Lee apprenticed under Frank Lloyd Wright at Taliesin West from 1955 to 1957. Lee was living in San Francisco when he wandered into V.C. Morris gift shop on Maiden Lane that was in a building designed by Frank Lloyd Wright and built in 1948. He told me that he stood in amazement until a clerk offered to show him a book that had pictures of Fallingwater, designed by Wright in 1938. Lee said that it was in that moment he decided to be an architect. 

I asked Lee if he knew Edgar Tafel whom I met on a hard-hat tour of the Guggenheim in New York during renovations in 1992. Edgar had invited a group, which included Gary and me, to his house where he talked about his years at Taliesin and how Fallingwater had been drawn in one afternoon. Lee laughed and confirmed that Edgar was still there as a senior architect when he arrived and that the story Edgar told me was absolutely true.
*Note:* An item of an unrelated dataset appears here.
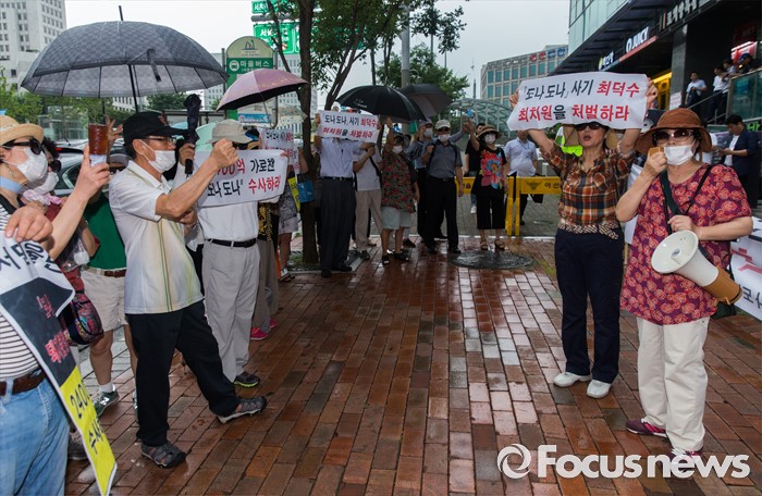 (서울=포커스뉴스) 9일 오후 서울 서초구 서초역 앞에서 도나도나 피해자 모임 관계자들이 '도나도나 돼지분양 사기사건' 재수사를 촉구하는 구호를 외치고 있다.

He took a serious tone when he explained that the drawings may have been done in a few hours, but that “it had all been in Mr. Wright’s head all the while”. 

The houses Lee designed in Elk for a lumber baron are spectacular. My involvement with the property and its marketing have been pure joy. If you’d like to experience them, visit: MID-CENTURY ELK to access the full slideshow and virtual tours.

Upon departure our eyes locked during a long handshake and I understood that something special had just happened. Lee hadn’t been in the houses for over 60 years and acknowledged that he wouldn’t likely be back. It was a bittersweet good-bye to Elk for the old man, and I hadn’t expected to be so happy being a part of it.